Appeal from an order of the Supreme Court (Relihan, Jr., J.), entered October 15, 2002 in Tompkins County, which, inter alia, granted a motion by defendants Ithaca City School District and Belle Sherman School for summary judgment dismissing the complaint against them.
In January 2000, plaintiff and her family moved from another country to the City of Ithaca, Tompkins County. During the school enrollment process for plaintiffs six-year-old son, Adam, he was evaluated by an English as a Second Language (hereinafter ESL) teacher employed by defendant Ithaca City School District (hereinafter the District) at defendant Belle Sherman School (hereinafter collectively referred to as defendants). On February 28, 2000, after informing Adam’s classroom teacher, the ESL teacher took Adam to the ESL classroom for follow-up testing. Plaintiff alleges that the ESL teacher sexually molested Adam at that time and on other occasions. Medical examinations provided no conclusive evidence of sexual abuse. Police investigated, but no criminal charges were filed. Defendants also investigated the situation, culminating in a decision by the District’s school board not to prefer disciplinary charges. Plaintiff filed suit on Adam’s behalf and, after extensive discovery, several motions were filed. Supreme Court determined, inter alia, to grant defendants’ motion for summary judgment dismissing the complaint against them. Plaintiff now appeals.

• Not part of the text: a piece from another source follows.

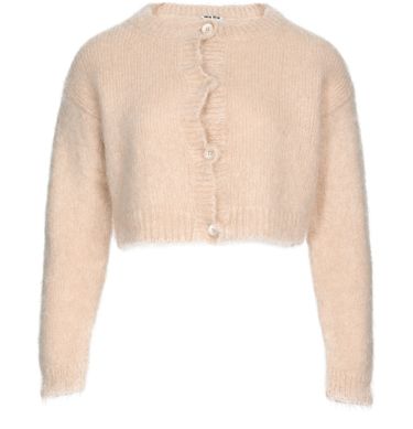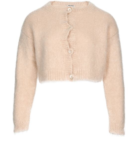 Miu Miu entwirft einen kurzen Cardigan, der eine authentische Linie mit der Weichheit von Mohair verbindet. Ob über einem Top oder einem Tanktop, diese kleine Strickweste nimmt Bolero-Akzente an.

Despite arguments in the briefs regarding a claim of negligent hiring by the District, neither the complaint nor the bill of particulars alleges such a cause of action. Accordingly, plaintiff may not proceed on that theory.
Even so, a school has a duty to adequately supervise students in its care, and may be held liable for injuries that are foreseeable and proximately related to the school’s failure to provide adequate supervision (see Druba v East Greenbush Cent. School Dist.,
Here, plaintiff presented no evidence that the District had any knowledge or notice that the ESL teacher may molest a student. The District obtained information from the Pennsylvania Department of Education, checked references from prior employers, and this individual had been employed by the District for over 15 years without incident. The classroom teacher acted reasonably in releasing Adam to another teacher. Allowing a teacher to work alone one-on-one with a student did not breach the District’s duty to supervise students (compare Mary KK. v Jack LL., supra at 842). Thus, Supreme Court properly granted defendants’ motion for summary judgment.
Mercure, J.P., Crew III, Peters and Rose, JJ., concur. Ordered that the order is affirmed, with costs.